### Task directions
All that is needed is the run of lines from the top of the entries to the line with "План второго этажа", that line included, repeated exactly and free of pictures.

### Data supplied
·····
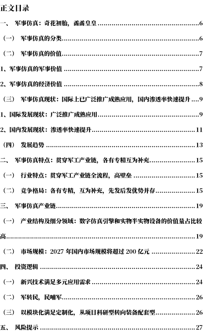 综上,军事仿真作为一个重要的科学技术,在现代科学事业中占有举足轻重的地位,它的广泛应用可以带来巨大的军事价值、经济价值和社会价值。军事仿真是国防现代化背景下的朝阳行业,已经实现了从“0”到“1”的创造性发展,一批具备军事仿真核心技术的专业团队与企业正在快速发展壮大,并逐步为市场所认可,是具备投资价值的前瞻性赛道之一。
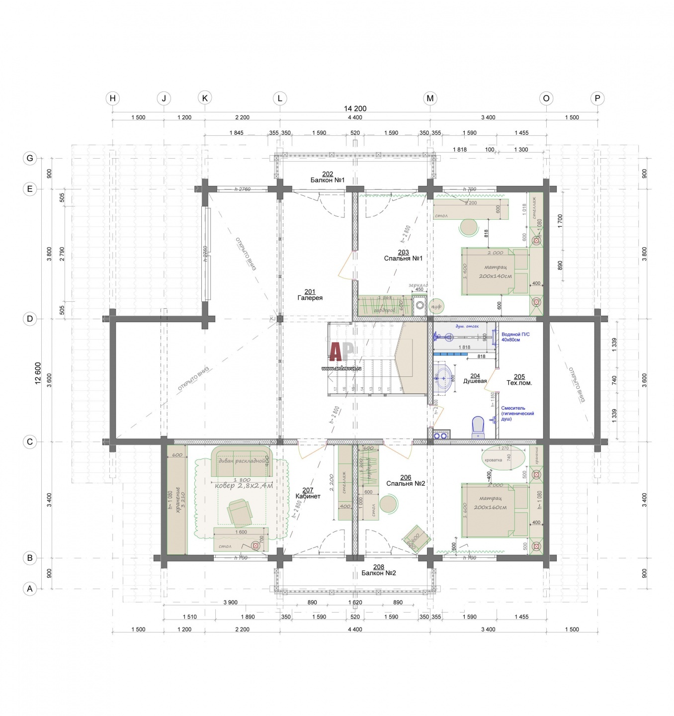 План второго этажа двухэтажного деревянного дома для постоянного проживания. Общая площадь - 234 кв. м.
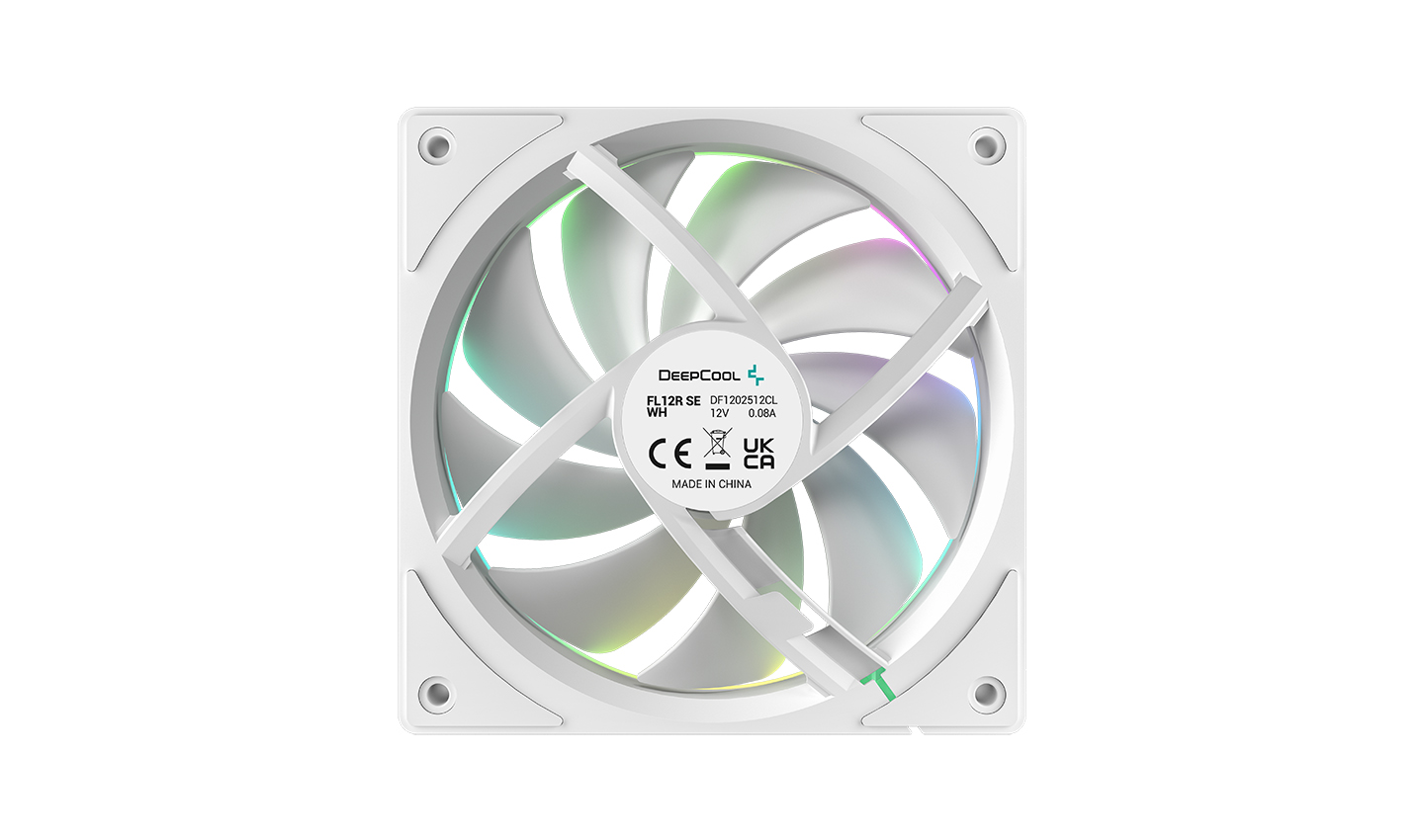 The DeepCool FL12R SE WH features a reversed fan blade design, delivering stunning lighting effects with 20 individually addressable RGB LEDs, combining vibrant colors with exceptional cooling performance.
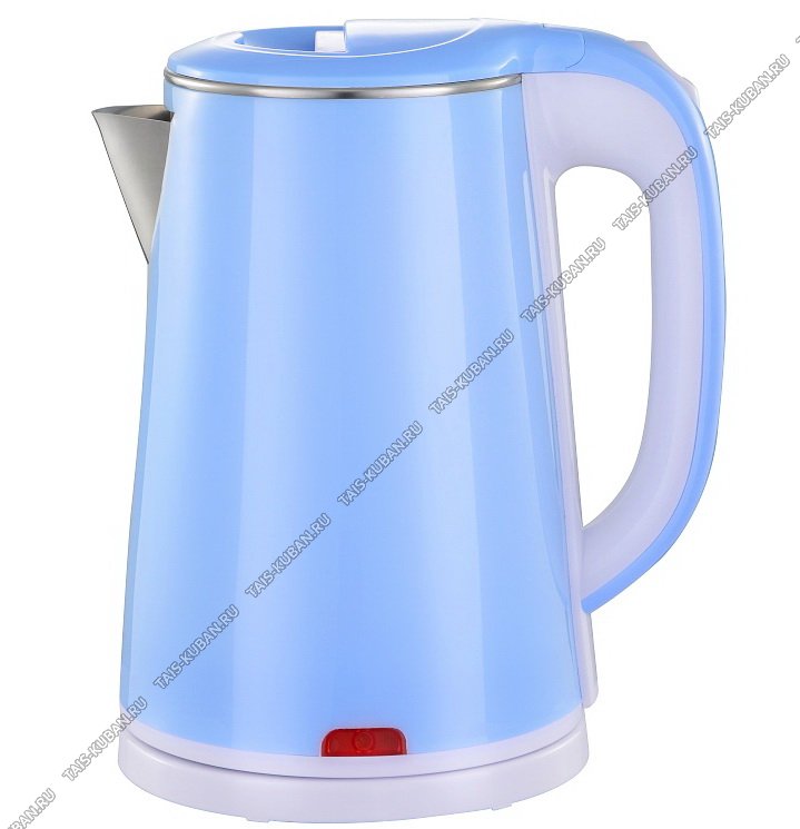 Чайник пластик+нерж. 2,0л 1800Вт диск,2-ые стенки (внутр.нерж.сталь),свет.индикат,автооткл,защ.б/воды,вращ.на 360°,голуб (12)
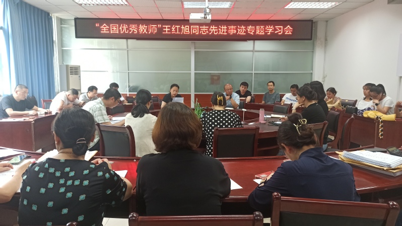 年仅35岁的王红旭同志见义勇为、英勇牺牲的先进事迹让与会教师深受感动。大家纷纷表示,王红旭以高尚的道德品质和感天动地的英勇壮举践行了舍己为人、见义勇为的大爱精神,彰显了大爱、大情怀精神,诠释了“四有”好老师的深刻内涵,要以王红旭老师为榜样,始终牢记教育初心、不忘育人使命,进一步提振干事创业的精气神。
·····
### Task solution
 综上,军事仿真作为一个重要的科学技术,在现代科学事业中占有举足轻重的地位,它的广泛应用可以带来巨大的军事价值、经济价值和社会价值。军事仿真是国防现代化背景下的朝阳行业,已经实现了从“0”到“1”的创造性发展,一批具备军事仿真核心技术的专业团队与企业正在快速发展壮大,并逐步为市场所认可,是具备投资价值的前瞻性赛道之一。
 План второго этажа двухэтажного деревянного дома для постоянного проживания. Общая площадь - 234 кв. м.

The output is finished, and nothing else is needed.